Put the two together she did. "The Beheading Game" tells the story of a New York theater director, Ren, who is in the midst of staging a production of "Sir Gawain and the Green Knight." Ren is in love with Jack, a closeted younger man with a tyrant father, who falls ill with lymphoma.
As Ren struggles with caring for Jack while interacting with his father, he looks to the values of heroism and loyalty that he finds within "Sir Gawain and the Green Knight" to guide him.
WRITING THE BOOK was part of the healing process for Webster and her friend, the author says.
"I was writing her trauma, and that made her feel better," Webster says.
Using a gay couple instead of a heterosexual couple allowed for a more even playing field, she says. "It's sort of also about sharing power," Webster says.
Although using a same-sex relationship as a literary device appealed to her, Webster says that a relationship between two women would have been too autobiographical.
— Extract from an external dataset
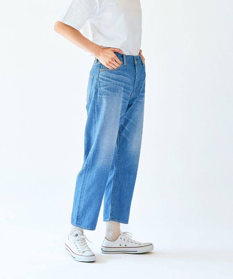 ヴィンテージウォッシュ加工を施した、鮮やかなブルーが映えるジーンズです。

"People asked why I didn't use two women and that would have been too close [to reality]," Webster says. " What I really needed was an androgynous person - not a man or woman, but someone who had elements of both. We're all androgynous in my opinion."
To research the gay characters, Webster, who has plenty of gay male friends, says that she read an assortment of gay books, including all of Edmund White's.
"I did a lot of reading and reading fiction gives you a very good idea of what's going on," Webster says. "I steered away from much sexual description, because that I don't know, but I can deal with love."